E c'è anche altro. Rivoltasi per chiarimenti a Claudio Fico, terzo vicedirettore, la giornalista ha incassato questa giustificazione: "Non essendoci le immagini, si è deciso di non dare neppure la notizia".

Una tenera bugia, si sosterrà in bacheca redazionale: "Al vidigrafo (strumento per raccogliere i servizi esterni, ndr.) la registrazione dei manifestanti era disponibile già alle 16,50", ha scritto la stessa Anzaldo. Il che non strappa applausi, per il curriculum del primo tg pubblico, ma viste le premesse non riesce a stupire. "Con il trattamento Minzolini", urla la pancia del Tg1, "siamo caduti nel grottesco, nell'accantonamento sistematico dei fatti". Il 28 ottobre, episodio tra i tanti, la Borsa milanese ha vissuto un giorno infelice, come le altre Borse europee. Ma per il Tg1 la notizia, sparata il giorno dopo dai quotidiani, non meritava eccessivo spazio: "L'abbiamo data, senza dettagli, dopo un quarto d'ora di tg".

Lo stesso approccio, più o meno, con cui il 24 novembre si è affrontato il caso di Marcello Dell'Utri, indagato nell'inchiesta sul patto tra Cosa nostra e Stato. Dopo un incipit con freno a mano tirato ("Presunta trattativa Stato-mafia"), lo speaker ha aggiunto che "la procura di Palermo" aveva "iscritto nel registro degli indagati il senatore del Pdl Marcello Dell'Utri". L'accusa, stando al Tg1, era "di violenza o minaccia a un corpo politico, amministrativo o giudiziario". Della serie: chi ci capisce, da casa, è bravo. Molto bravo.

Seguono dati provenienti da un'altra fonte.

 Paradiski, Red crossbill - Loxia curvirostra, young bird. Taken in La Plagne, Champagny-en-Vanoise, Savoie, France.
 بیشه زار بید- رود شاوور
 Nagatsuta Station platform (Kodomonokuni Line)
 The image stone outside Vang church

"Ormai", ironizza una firma del settore politico, "al Tg1 non basta essere giornalisti: ci improvvisiamo poeti ermetici". Ed è così che parte il gioco più in voga, in queste giornate, dentro la redazione di Saxa Rubra: quello della guerra. A volte civile, a volte meno. Da una parte, furente, scalpita il blocco degli emarginati; maxi schieramento che ha per bandiere due ex stelle delle edizioni serali, Tiziana Ferrario e Maria Luisa Busi, oggi rinchiuse in una semi nullafacenza.

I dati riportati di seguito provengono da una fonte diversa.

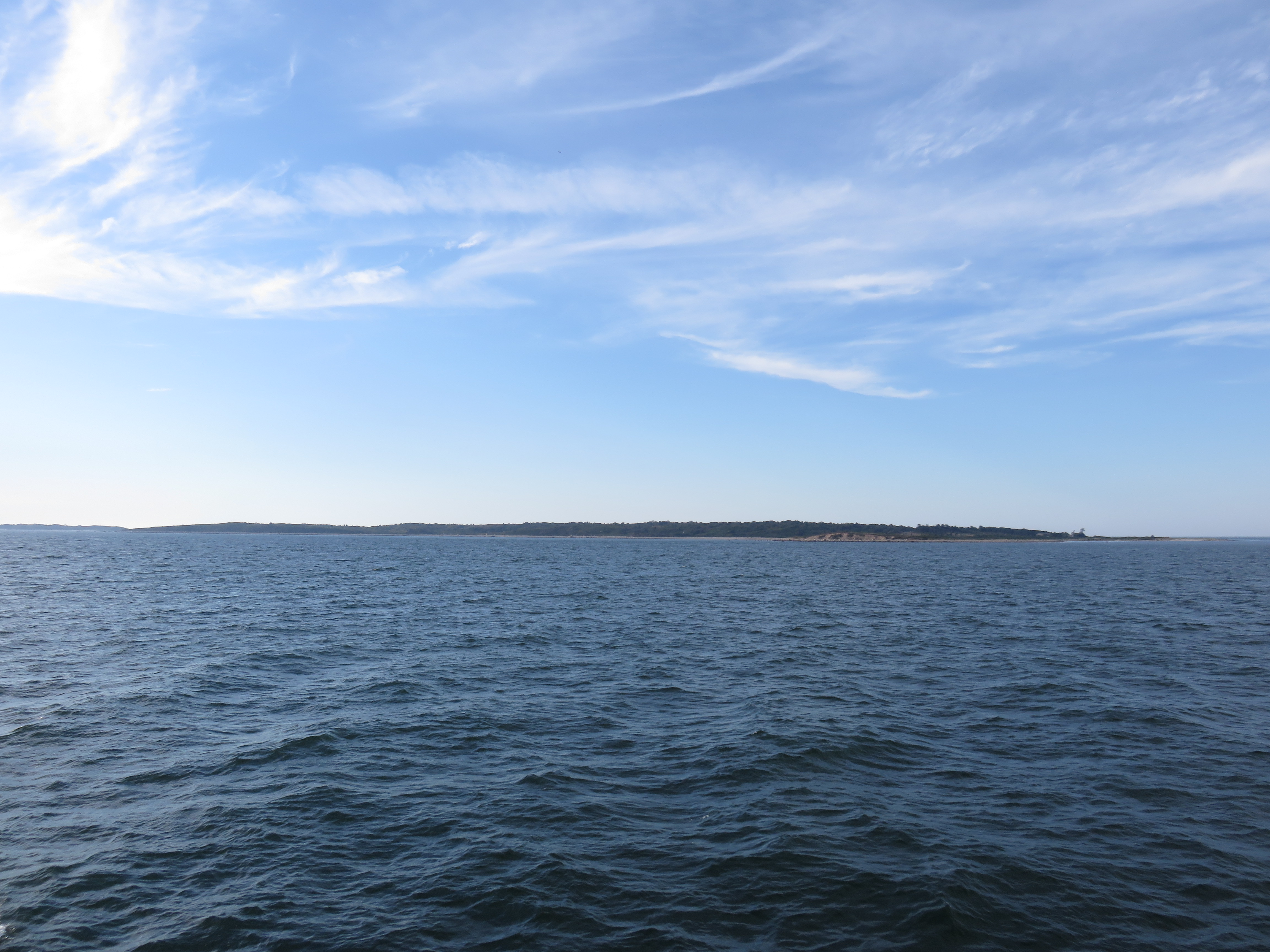 Pasque Island in Gosnold, Massachusetts in 2015
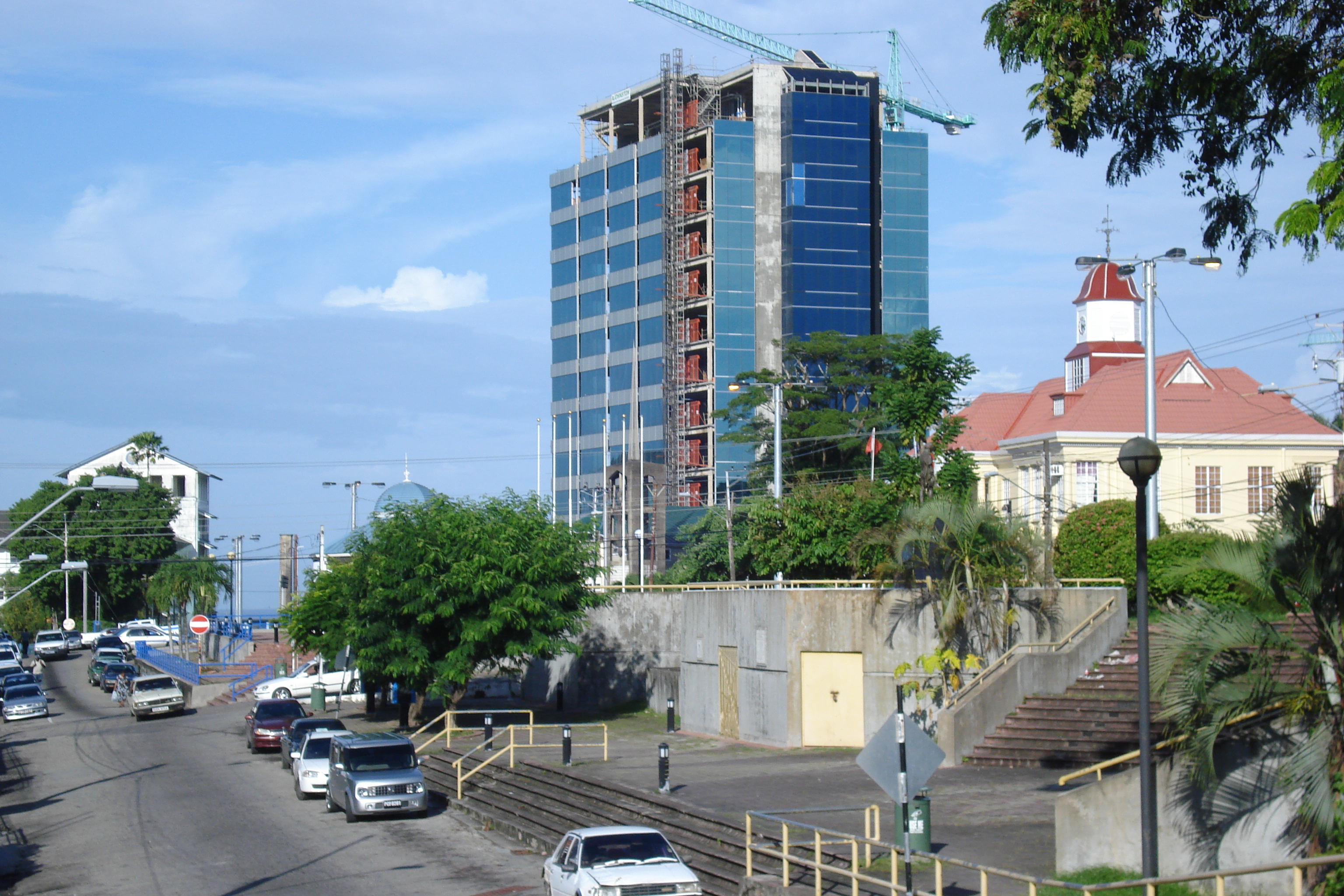 Harris Promenade in San Fernando with hospital, city hall and chancery lane office skyscraper
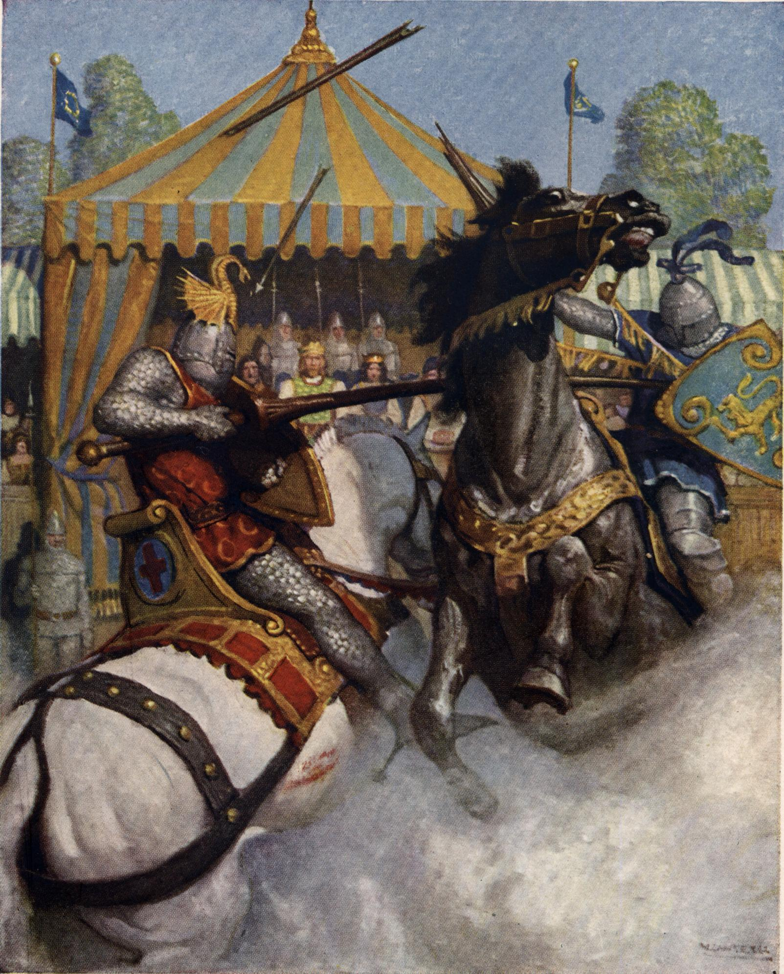 Illustration from page 246 of The Boy's King Arthur: "Sir Mador's spear brake all to pieces, but the other's spear held."

Dall'altra parte, invece, s'abbarbica il gruppo dei minzo-protetti: "I colleghi promossi e pluripromossi che ballano sul precipizio". Un club in cui spicca, per brillantezza e mestiere, il quarto vicedirettore: Fabrizio Ferragni. Ex pupillo della Margherita, fulcro del Tg1, nonché gestore dei servizi ultralight che concludono il telegiornale: quelli, per capirsi, con argomenti eterni come "L'abbronzatura artificiale può dare dipendenza?", "Allarme rosso per la medusa quadrata" e "Arriva lo scanner per la scarpa su misura".

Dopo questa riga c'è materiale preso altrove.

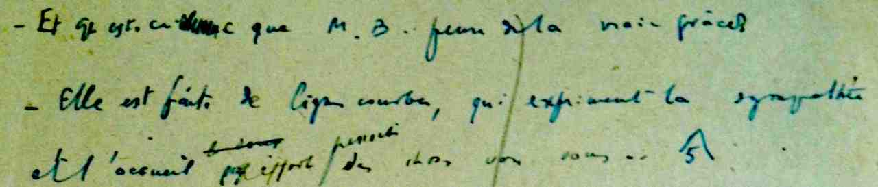 Augustin 's draft
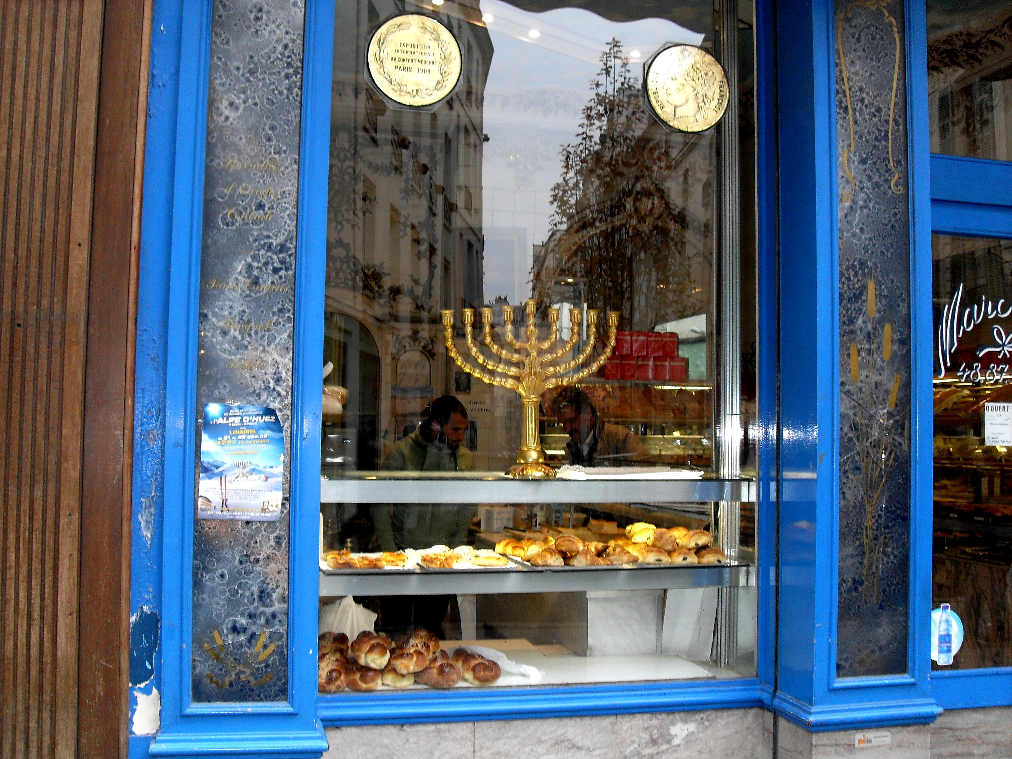 jewish bakery in the jewish quarter of Paris, called "Pletzl"
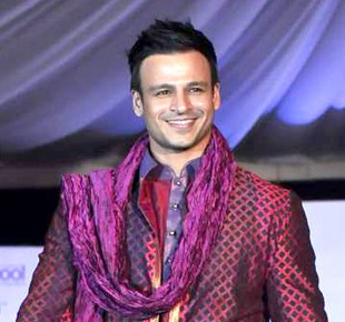 Actor Vivek Oberoi walks the ramp at the Global Peace Fashion Show by designer Neeta Lulla.
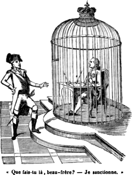 The Free Sanction by Louis the XVIth: “Que fais-tu là, beau-frère ? Je sanctionne.”
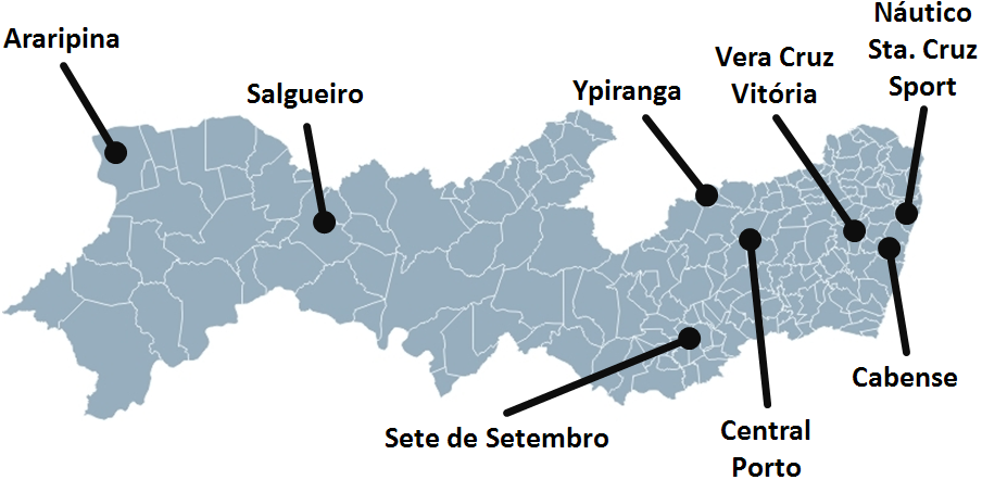 Map showing the cities who have teams playing the Campeonato Pernambucano 2010
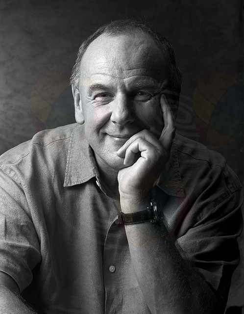 Wilfried R.Vanchonacker
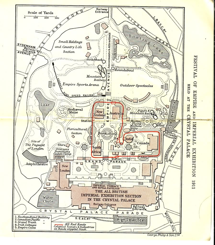 Festival of Empire Map 1911. At the Crystal Palace in South London.

"Minzolini lo stima tantissimo", è noto in redazione. Eppure, in questo periodo, ha speso tra le scrivanie frasi spiazzanti. "Facciamo un tg penoso", si sarebbe spinto a dire. E sulla stessa prospettiva, proiettata verso il futuro, lo seguono due noti caporedattori: Francesco Giorgino e Filippo Gaudenzi. Entrambi pluridecorati in epoca Minzolini, ed entrambi in forte ebollizione. Il primo, non per niente, ha già intervistato Angelino Alfano, con cui vanta ottimo feeling.

Gaudenzi, invece, ha curato con successo la diretta per l'insediamento del governo Monti: affidata, guarda un po', a colleghi sensibili a Udc e centrosinistra. "Saltano i direttori", commenta un veterano di redazione, "s'infrangono le alleanze, ma al Tg1 trionfa sempre la medesima qualità: l'arte di adattarsi". Al meglio, si spera, ma anche al peggio "che non ha limiti".